The restaurant is at least partly inspired by an early memory of his parents’ description of a trip they took to Spain on their first visit to Europe. ‘I remember them saying, ‘No matter what we wanted to spend we could always get a great meal with great product,’ ‘ LeFevre says. ‘That wasn’t just tapas, it was everything. I really want the restaurant to have that feel, if you really want to go crazy and order luxurious food and wine we’ll be able to give you that, but also provide an accessibly priced menu.’
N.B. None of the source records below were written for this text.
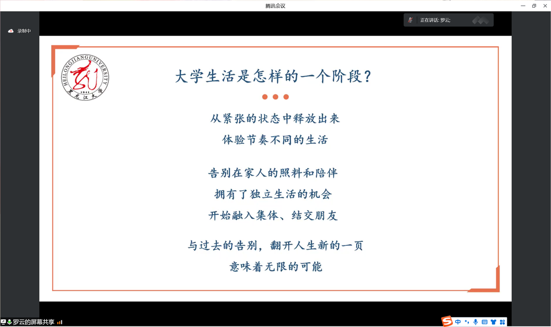 为帮助2022级新生更加深入地了解大学生活,设定预期目标,对大学生活有明确的规划,减少迷茫与不适应,使大学生活更加丰富多彩,教育科学研究院于2022年8月28日18时30分于腾讯会议召开新老生经验交流会,本次经验交流会由学生会学习部干事乔骞主持,优秀毕业生代表张坤、罗云,优秀在校生代表尚闯、赵淑豪四位同学受邀分享经验,2021级、2022级辅导员王馨莹老师,研究生兼职辅导员樊俐男老师以及2022级全体新生共同参加本次会议。
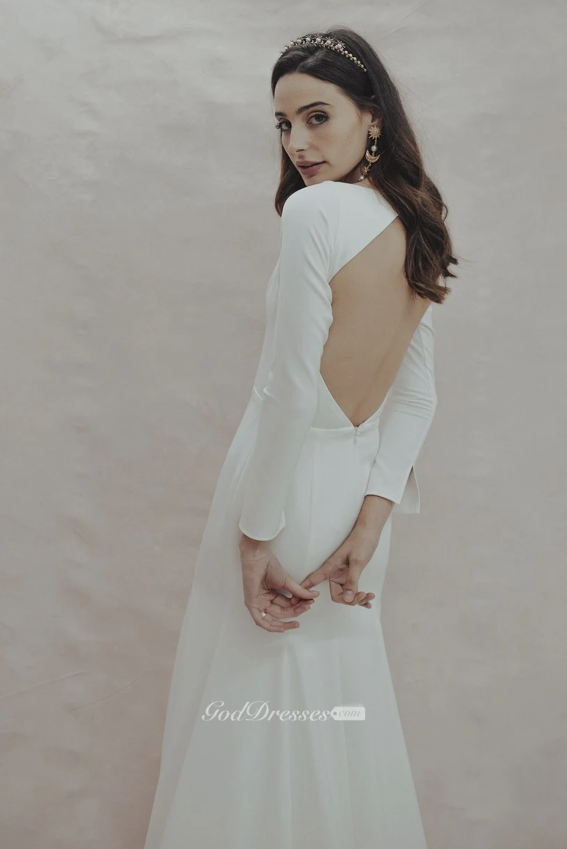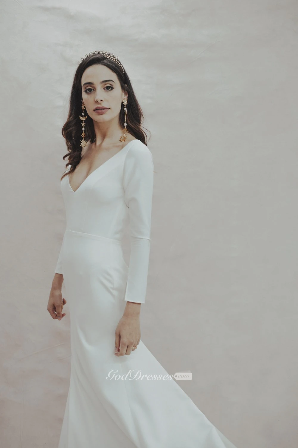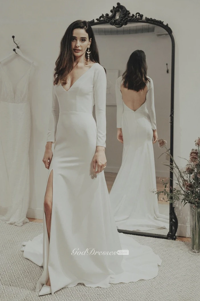 Split Front Satin Sexy Wedding Gown With Deep V-neck And Keyhole
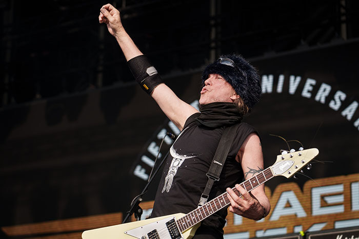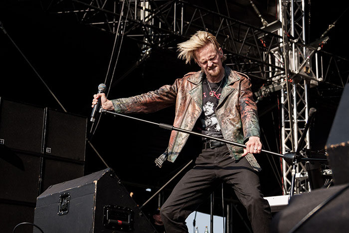 Für mich startete der Festivaltag mit Slade. Die Engländer stehen seit fast 60 Jahren auf der Bühne – allerdings ist Gitarrist Dave Hill inzwischen das einzige verbliebene Gründungsmitglied. Das recht hohe Alter der Bandmitglieder merkte man der Show leider deutlich an. Große Bühnenaction blieb aus, dafür gab’s aber eine erstaunlich dichte Sammlung an Songs aus der Kategorie: Songs, die jeder kennt und niemand weiß, von wem sie sind. Klassiker wie „Far Far Away“ und „My Oh My“ live zu hören war wirklich etwas Besonderes und tröstete dann auch über die sehr statische Show hinweg.
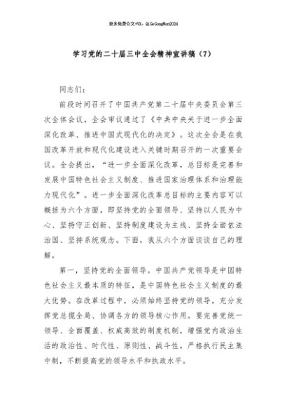 / 【七哥公文】2024年:学习党的二十届三中全会精神宣讲稿(7)+更多免费公文+VX:QiGeGongWen2024

The design by architect Stephen Jones is a nod to the building’s history as a post office (hence the name Manhattan Beach Post, or M.B. Post), featuring reclaimed woods, arched 20-foot ceilings with wood beams, metal-paned windows, and an antique postal desk in the bar area, where cocktails will include classics and specialty drinks. ‘We’re down by the beach,’ says LeFevre, ‘so there will be fresh, bright, flavorful cocktails -- some will have muddled fruit, house-made syrups, a lot of accoutrements from the kitchen -- dehydrated fruit, preserves, salts, we’re really making an effort not to serve typical blender pina coladas.’

The restaurant seats 90, and of those 35 to 40 are at communal tables. ‘The whole idea is really getting people back around the table, to be social, be engaged,’ LeFevre says. ‘It’s a social house.’